The Canadian Political Landscape

 


A recent discussion prompted me to outline my understanding of the Canadian political landscape.

There are only two coherent views of government, two coherent ideologies. One sees the state as like a family. Everybody is responsible for everybody else. The government is in the role of parent. It has a moral duty to do whatever it can for the good of the whole, in trust, and to help everyone in need. This is the classic conservative view, as articulated by Edmund Burke. 

The other is that the government is in the role of a contractor. There is a social contract, under which the government has specific responsibilities. The government is not our parent, because all men are created equal. We freely hire it to do a specific job. Whenever possible, we decide for ourselves, because we are all adults and free will is the reason we exist. This is the classic liberal view, as articulated by Jefferson or Lord Acton. 

I am a liberal, and have always been a liberal. My views have not changed since adolescence. Then, these views seemed to put me on the left; now, they seem to put me on the right. Left and right have lost all meaning, it seems.

Liberalism has often been confused with sexual libertinism, which is something else. The proper liberal definition of liberty is that given by Pope St.
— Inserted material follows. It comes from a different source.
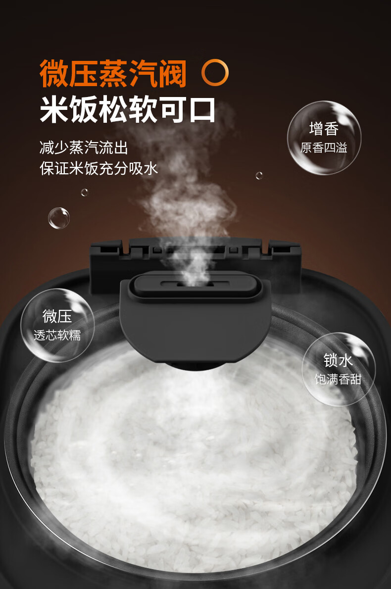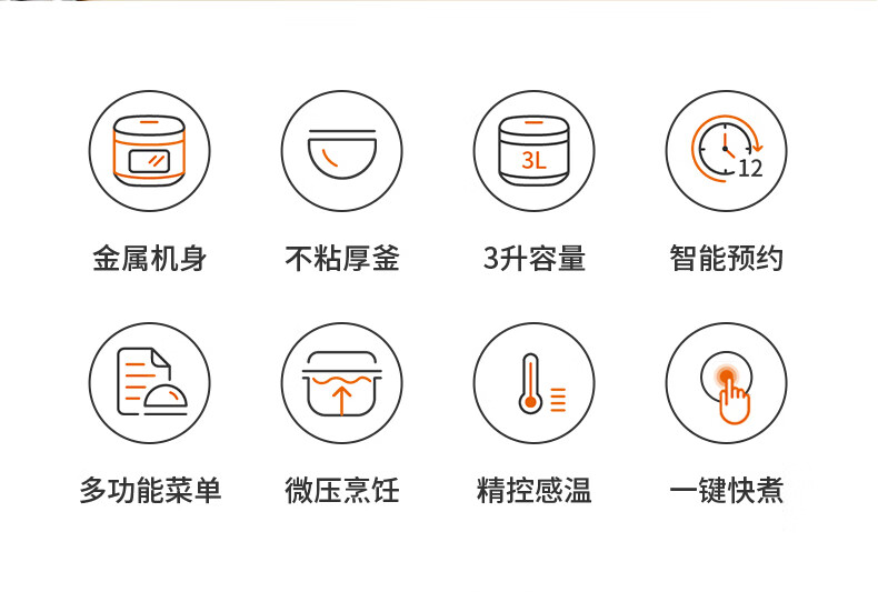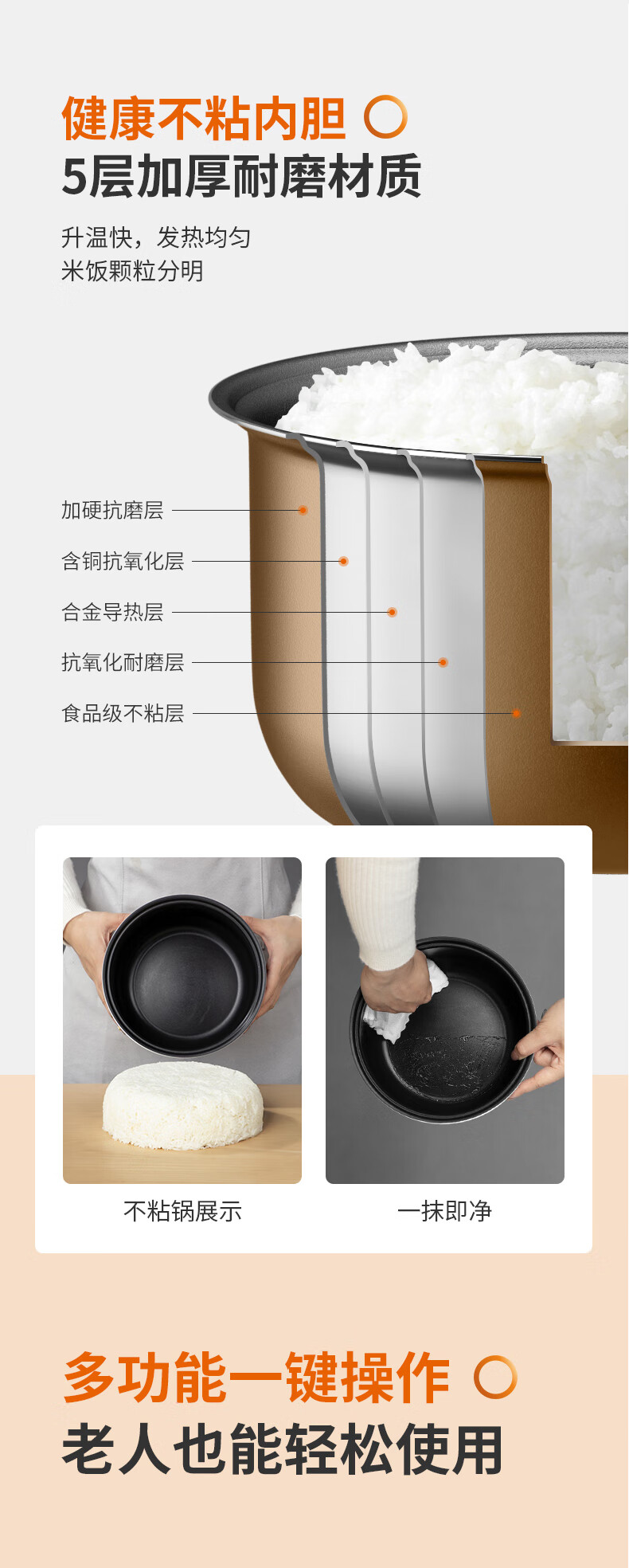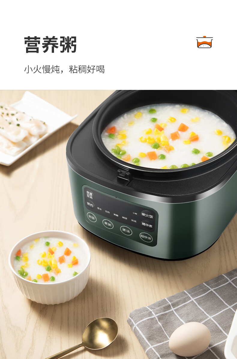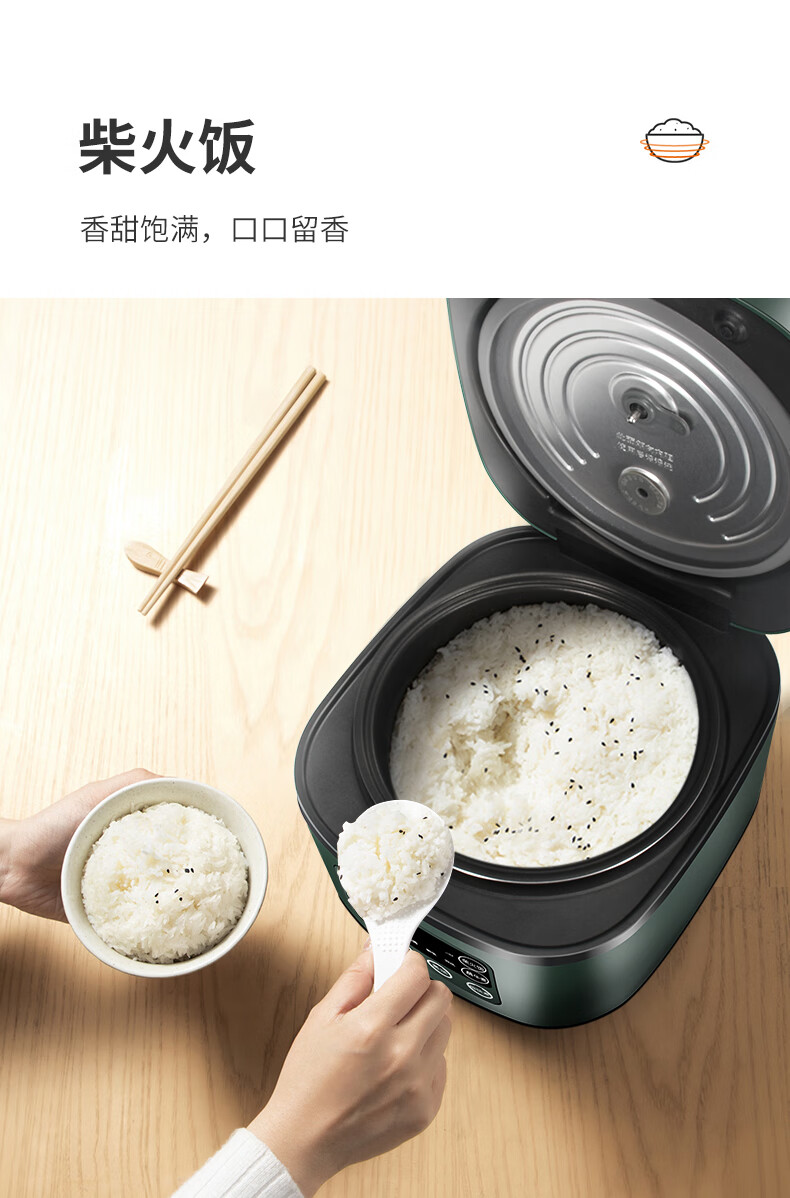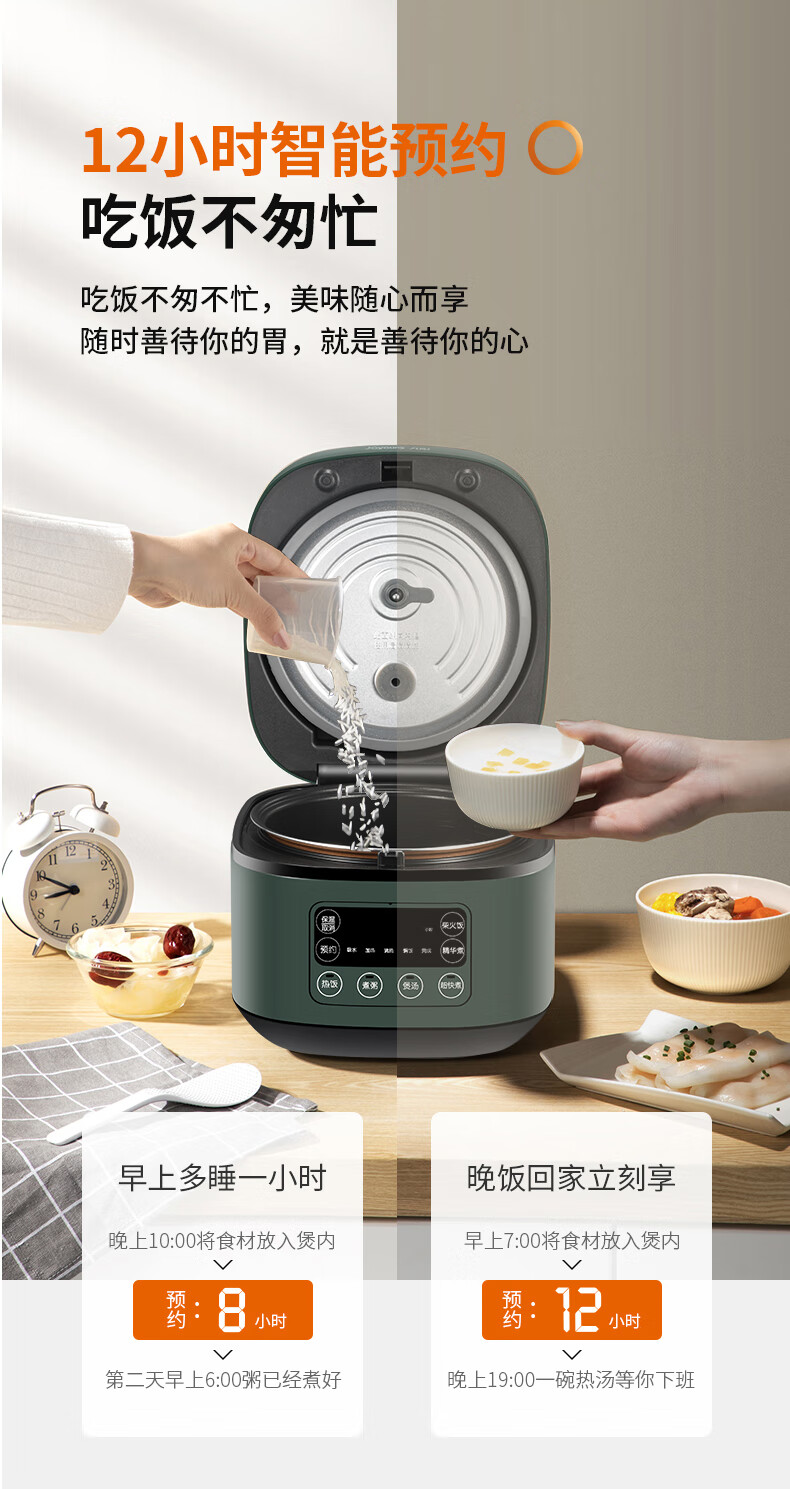 3L家用容量满足1-5人使用;12小时智能预约吃饭不匆忙吃饭不匆不忙,美味随心而;5层加厚耐磨材质,升温快,发热均匀米饭颗粒分明

John Paul II: freedom is freedom to do what is right. After the right to life, the prime and essential human right is the right to conscience; because without free will, we cannot act as moral beings. Sinful acts are not expressions of freedom, because we become enslaved to the sin. That is what vice is.

Government must not decide for us on moral questions.

The liberal will not want laws against sodomy or pornography, for example, unless their exercise can be shown to infringe on the rights of others. But he or she will certainly not want the state endorsing sodomy or pornography, or giving them special privileges, or a public forum. Forcing others to endorse sodomy, pornography, or the like; publicly funding them; or teaching them to children in state schools as positive values; is profoundly illiberal, as it forces some to go against their conscience. Laws against sodomy or pornography are less problematic, since nobody is bound by conscience to engage in masturbation or homosexual sex.

Liberalism requires opposition to abortion. The right to life is fundamental.

“Hate speech” laws are profoundly illiberal, as well as antidemocratic.

The entire edifice on which liberalism is built, is the doctrine of human equality and the importance of free will. These are Christian principles; you could also say Jewish. Without Christianity, without ethical monotheism, they collapse. Any government that does not acknowledge this and support the Jewish and Christian religions is illiberal. This does not mean obstructing freedom of religion for any citizen.

The rap against liberalism is that it does not provide for the less fortunate, as conservatism argues for. The liberal response is that government entitlements subvert morality by supplanting charity. Private charity is a moral act; there is no morality in paying taxes. Government entitlements also subvert free will by teaching dependence; they violate the doctrine of human equality; and they violate property rights.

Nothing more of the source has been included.